Dear Rog @Roger the Dodger, just to say that I did mention in my post above that Bentima was primarily a retailer of clocks, and that some of these were imported. I should have really gone on to mention that most mechanical anniversary clocks sold in Britain by British retailers, including your own, were imported from Germany. As I carefully stated, the Bentima concern was essentially a "brand" rather than a "maker," but does seem to have had some involvement in clock manufacture. Good luck with the clock, and let us know how well it keeps time over a longish period. :biggrin:


----------



## Roger the Dodger (Oct 5, 2009)

> Dear Rog @Roger the Dodger, just to say that I did mention in my post above that Bentima was primarily a retailer of clocks, and that some of these were imported. I should have really gone on to mention that most mechanical anniversary clocks sold in Britain by British retailers, including your own, were imported from Germany. As I carefully stated, the Bentima concern was essentially a "brand" rather than a "maker," but does seem to have had some involvement in clock manufacture. Good luck with the clock, and let us know how well it keeps time over a longish period. :biggrin:


 Will do, Honour, but there is a long way to go before I get to timekeeping! :yes:


----------



## antony (Dec 28, 2007)

It's a nice job you've done there, many people turn them away, as we know there notoriously temperamental, especially when the public get hold of them.

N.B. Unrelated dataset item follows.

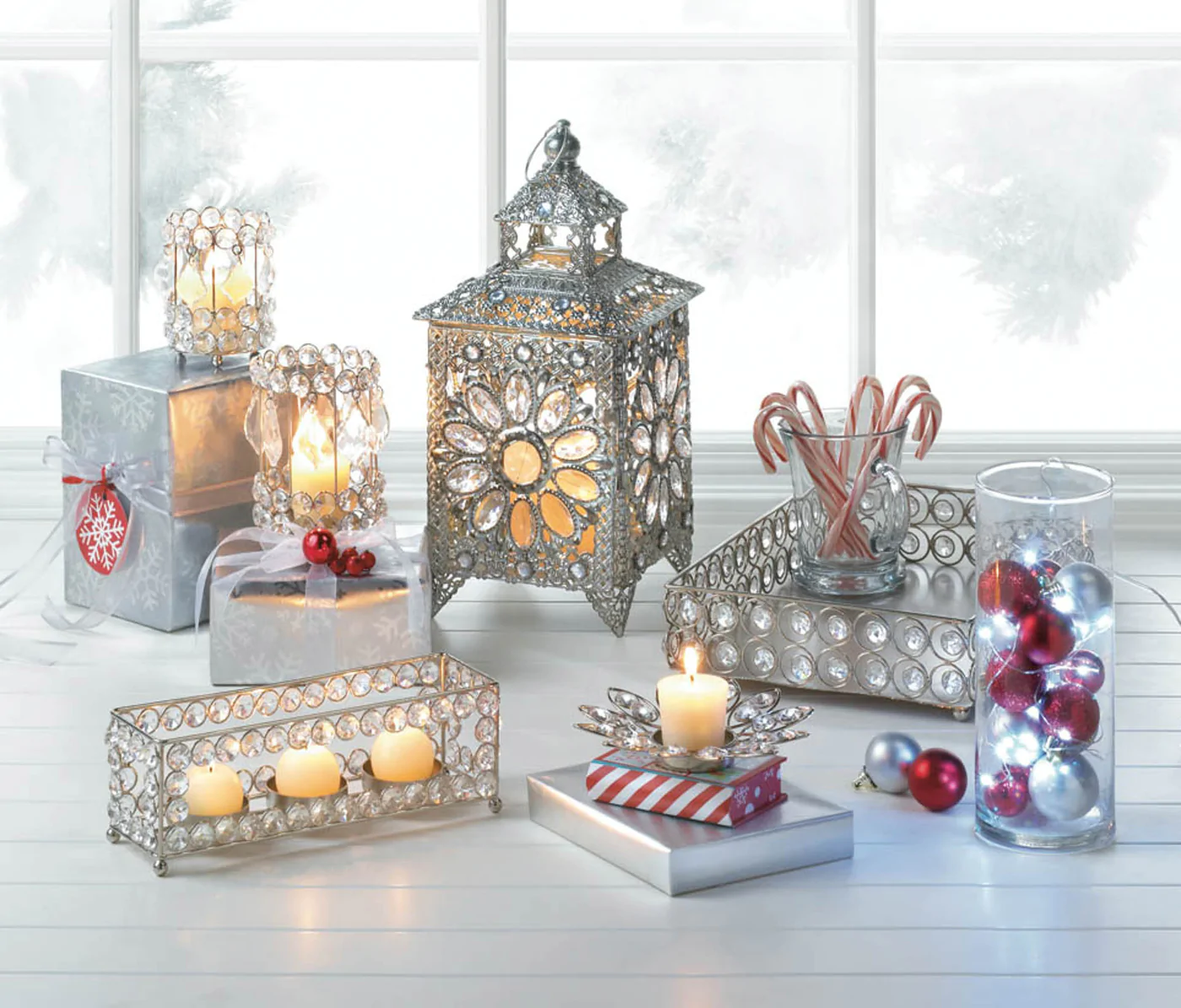 • Live like royalty! Enjoy the sparkle of all the riches in the kingdom that are gathered  in this stunning tabletop candle lantern. Faceted jewels set inside luxurious silver-tone filigree dazzle when a candle of your choice is lit inside. There's nothing common about this enchanting treasure!

I've done them before now and a week or so later you get them back and the customer has turned the suspension wire has been turn into barley twist.

I have one myself that I got from a car bootsale, it had no suspension spring, but after looking through the 400 day bible I manage to make one up, strangely enough it's always gained, but after reading your piece I thought I'd thin the wire down a bit and have another go at timing it in.

Keep us posted on yours.


----------



## Roger the Dodger (Oct 5, 2009)

antony said:


> It's a nice job you've done there, many people turn them away, as we know there notoriously temperamental, especially when the public get hold of them.
> 
> I've done them before now and a week or so later you get them back and the customer has turned the suspension wire has been turn into barley twist.
> 
> ...


 There are loads of online instructions for repairing, setting up, levelling, setting the beat, regulating, etc. Meadows and Passmore have an online suspension spring identifier which will tell you the correct one you need for your clock.


----------



## Roger the Dodger (Oct 5, 2009)

Parts have been arriving...the correct key, and the new suspension springs. Watch this space for the next stage of the resto.


----------



## Roger the Dodger (Oct 5, 2009)

Now that I have the correct suspension spring and winding key, I can let down the mainspring carefully and dismantle the movement for cleaning in the ultrasound machine.










The bottom block on the suspension spring has a peg through it to connect to the pendulum and I made up a simple jig from a piece of scrap melamine faced board with a 1mm hole drilled in it to accept one side of the peg. This allows the block to sit flat on the board to facilitate the removal of the screws. It also allows me to stretch out the spring taut for marking.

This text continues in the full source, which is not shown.